I got two emails regarding this... one from Crevier, and one from Judy Ray with Driving Concepts.


----------



## Matthew330Ci (Sep 9, 2002)

yup, just passing the word along. searched for reposts, didn't find any other posts regarding this.


----------



## scottn2retro (Mar 20, 2002)

I'm going to try to be there.


----------



## Akakubi (Dec 21, 2001)

Ahhhh  I am so far away. 

You guys have fun! 
:thumbup:


----------



## doeboy (Sep 20, 2002)

Did any other local 'Festers show up? AFAIK, only ScottN2Retro, myself, and Interlocker were there. (Interlocker doesn't count because he was one of the guests of honor  )

Anyhoo... it was a fun gathering... we got to hob-nob with many folks, several of the BMWCCA instructors we've come to know as track-junkies were also there... 

The party was to celebrate the drivers' victory at the recent 25 hour Endurance race held at Thunderhill Raceway. They had the MINI that was driven in front of the Crevier MINI dealership... war scars and all.

One of the drivers was Bill Auberlen's brother, Geoff. Bill Auberlen made his appearance as well and signed personalized autographs. 

Congratulations to the guests of honor! G. Auberlen, J. Lawson, D. Mecey, J. Ray, and D. Young! :clap:

We stuck around for about 4 hours... :yikes: and met so many people, including some staff at Crevier, and various members of the Auberlen family. It was good times chatting with the familiar faces we've gotten to know at the driving schools (instructors), and also with new people like Bill's brother Geoff, and several of the Crevier staff.

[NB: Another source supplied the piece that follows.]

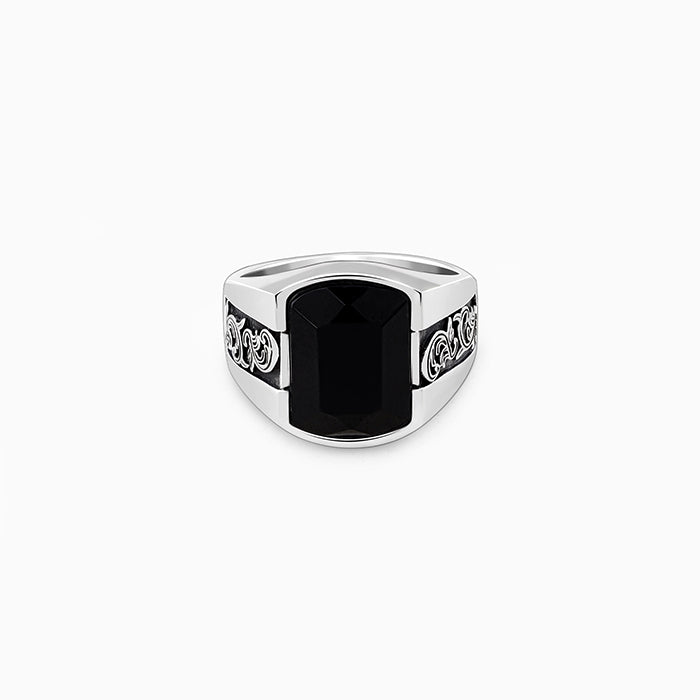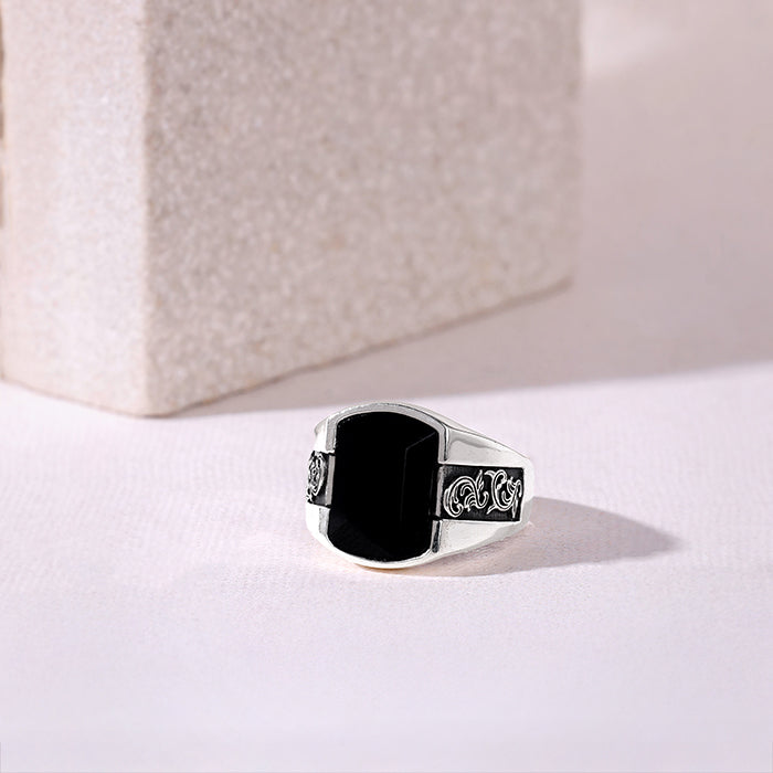 This oxidised silver mens ring features a rectangular black coloured stone at the centre. On both sides of the band, there are intricate engravings with a swirling pattern.

I gotta say, I was surprised that Bill remembered the pic that HACK took of me with him at the Laguna Seca races back in September. Thanks ScottN2Retro for the print! I think he's starting to recognize us already... :eeps: This was only the second time I've ever seen the guy. I dunno about Scott... :eeps: 

Here are a few pics I took with my camera phone... sorry they weren't clearer. Anyone want to buy me a new digicam?


----------



## scottn2retro (Mar 20, 2002)

doeboy, thanks for the good summary of the evening. :thumbup: 

Wow! That was a lot of fun - well at least for me - not sure about doeboy (as he endured nearly 4 hours of pimp daddy working the room :bigpimp: ) Oh, and bimmerchick was there as well. :thumbup: 

doeboy might be right about Bill maybe actually beginning to recognize us. He was asking "you guys always travel together?" :eeps: and then at the very end of the evening when people were saying their goodbyes, I told Bill we'd see him at the tracks. He said "I know I'll be seeing you guys there."  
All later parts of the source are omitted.